───── Information provided

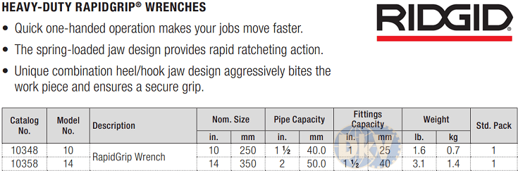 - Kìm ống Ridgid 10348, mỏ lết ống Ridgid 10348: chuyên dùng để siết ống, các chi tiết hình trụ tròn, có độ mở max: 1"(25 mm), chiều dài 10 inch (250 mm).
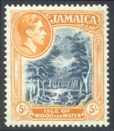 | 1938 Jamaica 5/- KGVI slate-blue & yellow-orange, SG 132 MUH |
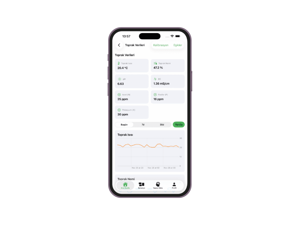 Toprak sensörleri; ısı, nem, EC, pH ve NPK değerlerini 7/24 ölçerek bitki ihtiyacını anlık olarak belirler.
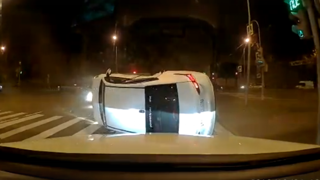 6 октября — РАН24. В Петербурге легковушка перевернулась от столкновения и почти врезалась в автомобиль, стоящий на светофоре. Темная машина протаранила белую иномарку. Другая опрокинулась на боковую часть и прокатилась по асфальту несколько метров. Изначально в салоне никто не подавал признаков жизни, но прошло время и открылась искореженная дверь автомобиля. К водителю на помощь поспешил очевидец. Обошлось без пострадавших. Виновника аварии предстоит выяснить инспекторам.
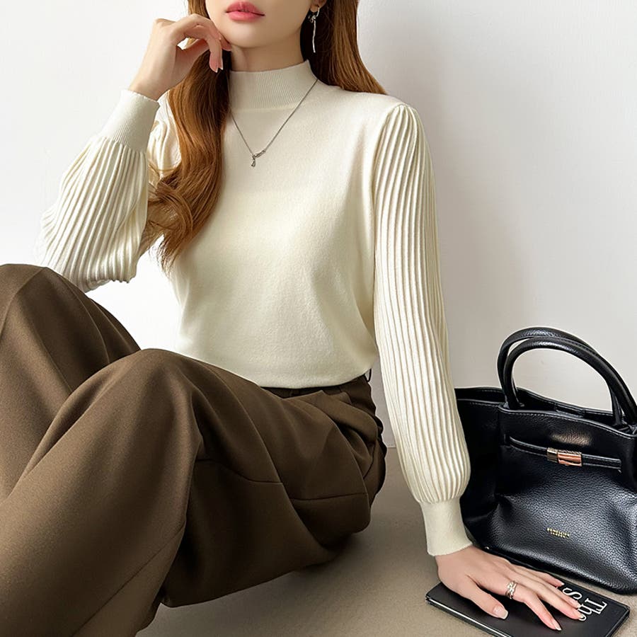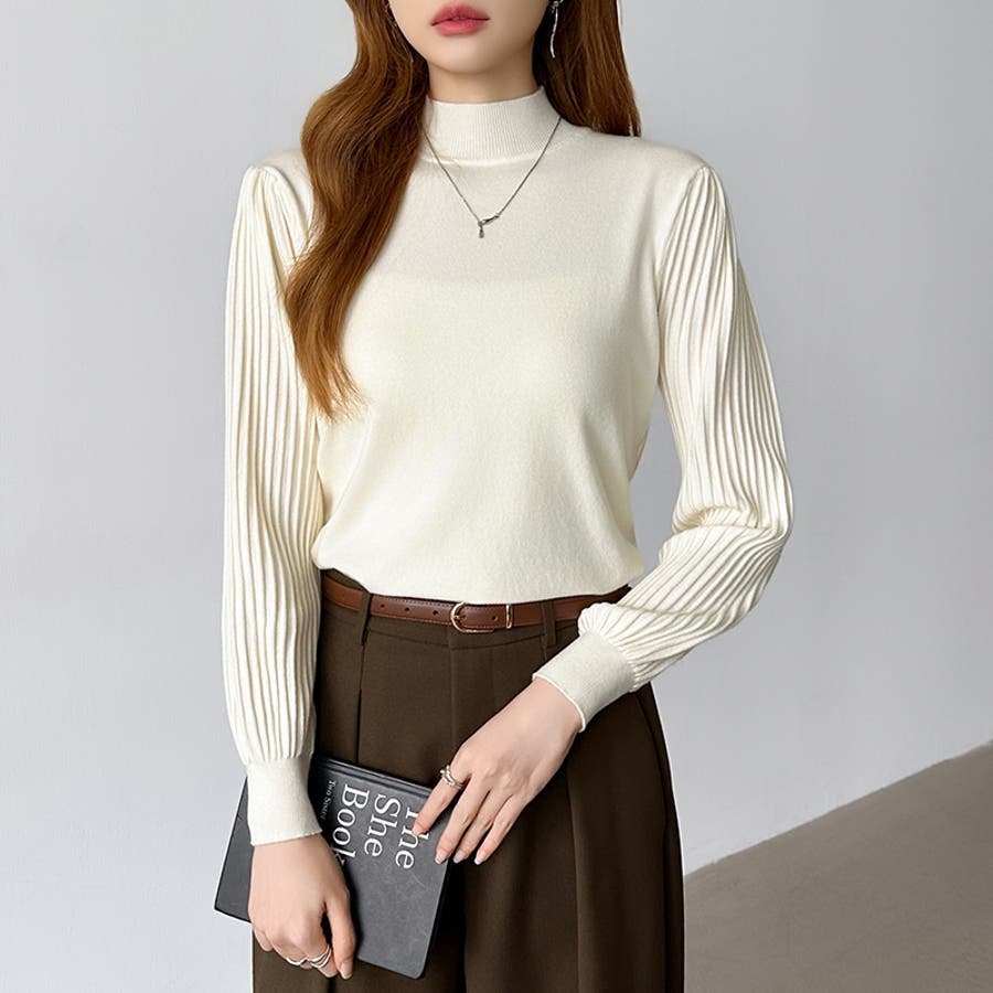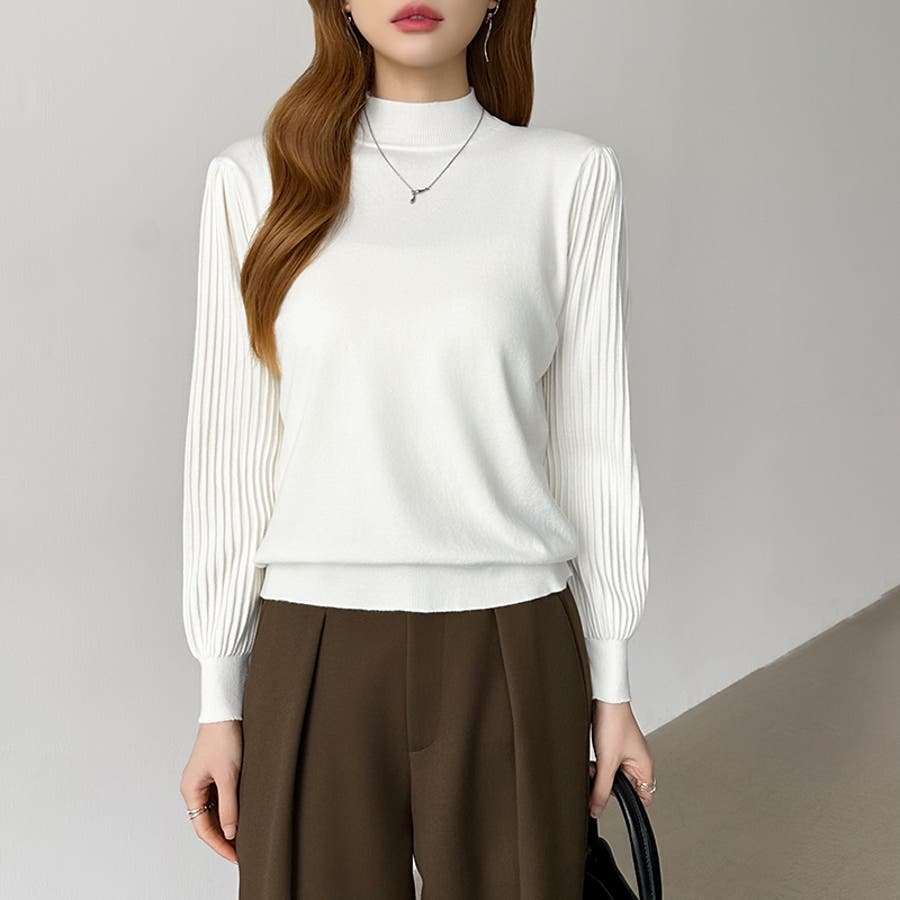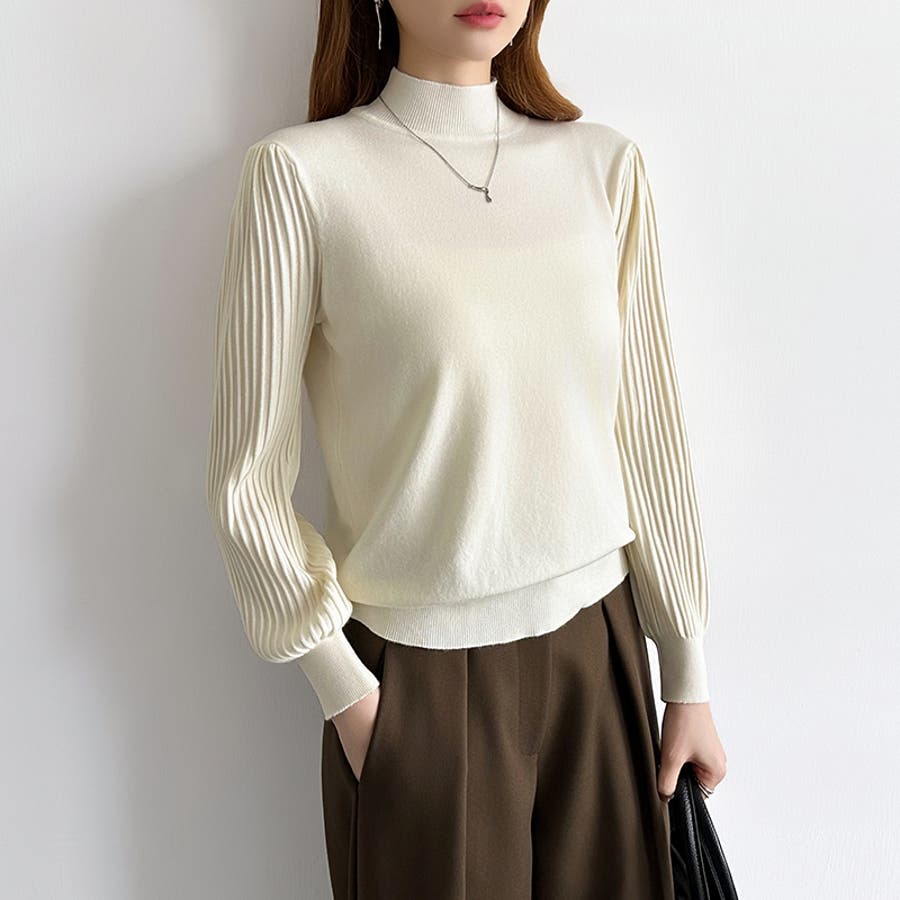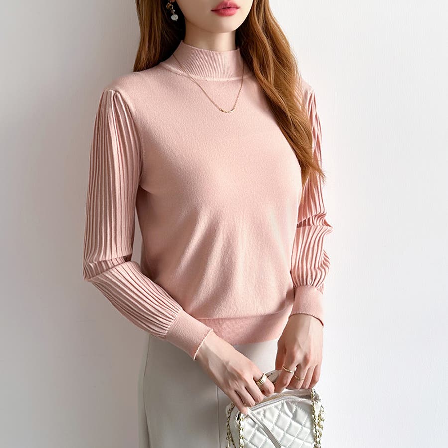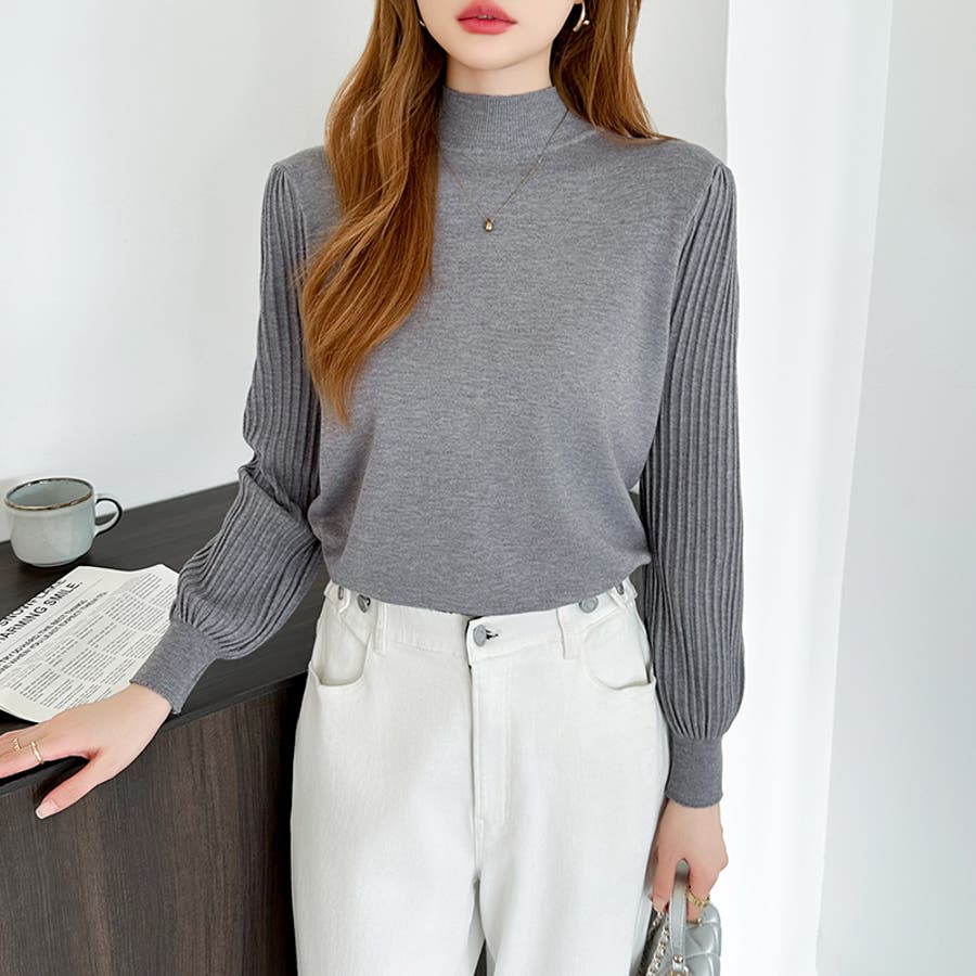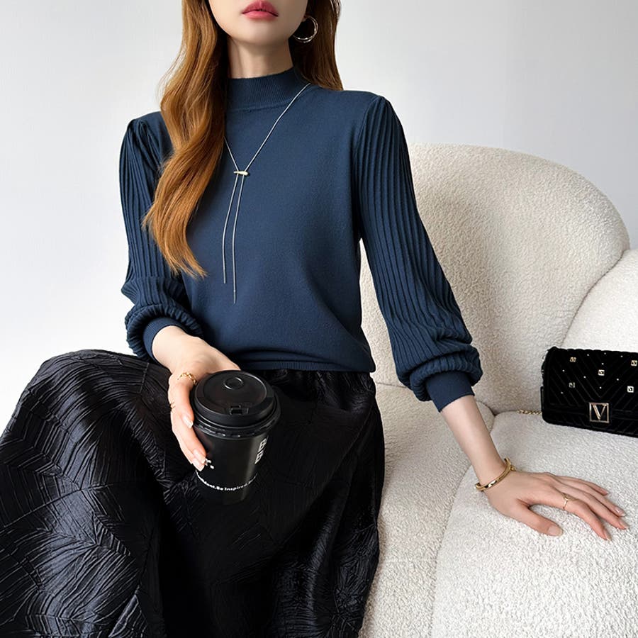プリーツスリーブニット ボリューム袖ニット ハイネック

──────────
───── Information provided

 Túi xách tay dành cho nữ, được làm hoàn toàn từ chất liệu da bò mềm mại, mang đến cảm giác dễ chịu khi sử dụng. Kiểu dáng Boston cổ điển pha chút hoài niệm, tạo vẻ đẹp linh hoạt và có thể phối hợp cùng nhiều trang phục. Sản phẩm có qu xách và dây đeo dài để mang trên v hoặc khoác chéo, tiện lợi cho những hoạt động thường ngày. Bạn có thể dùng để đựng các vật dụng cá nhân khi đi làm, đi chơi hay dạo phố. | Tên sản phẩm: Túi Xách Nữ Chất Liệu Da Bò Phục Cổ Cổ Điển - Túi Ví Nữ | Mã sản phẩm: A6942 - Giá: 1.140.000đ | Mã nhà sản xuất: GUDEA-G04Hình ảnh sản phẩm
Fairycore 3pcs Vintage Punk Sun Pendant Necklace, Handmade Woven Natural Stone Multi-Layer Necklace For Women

──────────

Task details
Copy back exactly the lines above from the one containing "- Kìm ống Ridgid" through the one containing "Toprak sensörleri; ısı, nem, EC, pH", and leave every picture behind.

Reply to the task
 - Kìm ống Ridgid 10348, mỏ lết ống Ridgid 10348: chuyên dùng để siết ống, các chi tiết hình trụ tròn, có độ mở max: 1"(25 mm), chiều dài 10 inch (250 mm).
 | 1938 Jamaica 5/- KGVI slate-blue & yellow-orange, SG 132 MUH |
 Toprak sensörleri; ısı, nem, EC, pH ve NPK değerlerini 7/24 ölçerek bitki ihtiyacını anlık olarak belirler.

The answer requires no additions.